- **Entries supplied**:
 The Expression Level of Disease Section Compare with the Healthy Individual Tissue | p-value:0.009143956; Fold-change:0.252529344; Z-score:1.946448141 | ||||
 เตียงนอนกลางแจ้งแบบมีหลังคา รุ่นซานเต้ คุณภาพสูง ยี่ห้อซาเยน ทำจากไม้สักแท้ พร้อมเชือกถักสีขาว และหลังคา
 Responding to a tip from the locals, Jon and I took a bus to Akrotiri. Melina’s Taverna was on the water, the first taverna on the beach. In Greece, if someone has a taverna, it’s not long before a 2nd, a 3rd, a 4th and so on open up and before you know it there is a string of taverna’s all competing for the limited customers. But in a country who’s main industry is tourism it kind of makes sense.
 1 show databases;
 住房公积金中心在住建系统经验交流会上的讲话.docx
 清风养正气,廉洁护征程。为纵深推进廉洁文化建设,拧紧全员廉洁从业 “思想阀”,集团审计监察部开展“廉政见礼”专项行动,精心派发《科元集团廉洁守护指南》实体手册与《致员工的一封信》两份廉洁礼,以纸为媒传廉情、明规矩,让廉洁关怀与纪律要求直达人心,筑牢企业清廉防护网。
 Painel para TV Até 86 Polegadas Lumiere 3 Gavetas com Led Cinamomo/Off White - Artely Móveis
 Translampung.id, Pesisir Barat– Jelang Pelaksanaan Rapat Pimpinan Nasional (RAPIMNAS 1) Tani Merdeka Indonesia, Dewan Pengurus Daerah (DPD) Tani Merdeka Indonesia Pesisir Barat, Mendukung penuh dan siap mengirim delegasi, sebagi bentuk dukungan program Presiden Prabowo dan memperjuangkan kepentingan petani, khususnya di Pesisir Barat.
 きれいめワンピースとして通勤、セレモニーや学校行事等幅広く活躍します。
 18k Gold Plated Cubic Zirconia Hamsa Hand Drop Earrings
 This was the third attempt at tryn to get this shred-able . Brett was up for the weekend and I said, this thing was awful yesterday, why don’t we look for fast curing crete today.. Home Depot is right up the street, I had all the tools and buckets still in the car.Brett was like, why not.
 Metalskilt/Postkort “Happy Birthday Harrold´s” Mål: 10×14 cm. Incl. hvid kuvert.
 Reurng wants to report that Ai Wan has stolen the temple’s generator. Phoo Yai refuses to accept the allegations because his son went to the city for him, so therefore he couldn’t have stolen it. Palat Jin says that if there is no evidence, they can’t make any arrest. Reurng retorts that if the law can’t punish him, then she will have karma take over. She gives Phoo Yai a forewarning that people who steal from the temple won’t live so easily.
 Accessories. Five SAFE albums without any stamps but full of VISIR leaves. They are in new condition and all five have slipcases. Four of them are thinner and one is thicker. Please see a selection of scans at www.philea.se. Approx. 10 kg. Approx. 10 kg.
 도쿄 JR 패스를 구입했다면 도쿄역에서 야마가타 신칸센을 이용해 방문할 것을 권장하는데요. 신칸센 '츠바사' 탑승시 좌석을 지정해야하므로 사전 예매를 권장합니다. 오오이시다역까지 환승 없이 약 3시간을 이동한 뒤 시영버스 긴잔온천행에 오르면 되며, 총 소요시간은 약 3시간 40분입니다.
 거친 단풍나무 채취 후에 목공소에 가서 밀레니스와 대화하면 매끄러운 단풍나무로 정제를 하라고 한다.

- **About this exercise**: Could you please copy the lines of the listing above exactly, from its first line through the line bearing "18k Gold Plated", and nothing more?

- **Exercise output**:
 The Expression Level of Disease Section Compare with the Healthy Individual Tissue | p-value:0.009143956; Fold-change:0.252529344; Z-score:1.946448141 | ||||
 เตียงนอนกลางแจ้งแบบมีหลังคา รุ่นซานเต้ คุณภาพสูง ยี่ห้อซาเยน ทำจากไม้สักแท้ พร้อมเชือกถักสีขาว และหลังคา
 Responding to a tip from the locals, Jon and I took a bus to Akrotiri. Melina’s Taverna was on the water, the first taverna on the beach. In Greece, if someone has a taverna, it’s not long before a 2nd, a 3rd, a 4th and so on open up and before you know it there is a string of taverna’s all competing for the limited customers. But in a country who’s main industry is tourism it kind of makes sense.
 1 show databases;
 住房公积金中心在住建系统经验交流会上的讲话.docx
 清风养正气,廉洁护征程。为纵深推进廉洁文化建设,拧紧全员廉洁从业 “思想阀”,集团审计监察部开展“廉政见礼”专项行动,精心派发《科元集团廉洁守护指南》实体手册与《致员工的一封信》两份廉洁礼,以纸为媒传廉情、明规矩,让廉洁关怀与纪律要求直达人心,筑牢企业清廉防护网。
 Painel para TV Até 86 Polegadas Lumiere 3 Gavetas com Led Cinamomo/Off White - Artely Móveis
 Translampung.id, Pesisir Barat– Jelang Pelaksanaan Rapat Pimpinan Nasional (RAPIMNAS 1) Tani Merdeka Indonesia, Dewan Pengurus Daerah (DPD) Tani Merdeka Indonesia Pesisir Barat, Mendukung penuh dan siap mengirim delegasi, sebagi bentuk dukungan program Presiden Prabowo dan memperjuangkan kepentingan petani, khususnya di Pesisir Barat.
 きれいめワンピースとして通勤、セレモニーや学校行事等幅広く活躍します。
 18k Gold Plated Cubic Zirconia Hamsa Hand Drop Earrings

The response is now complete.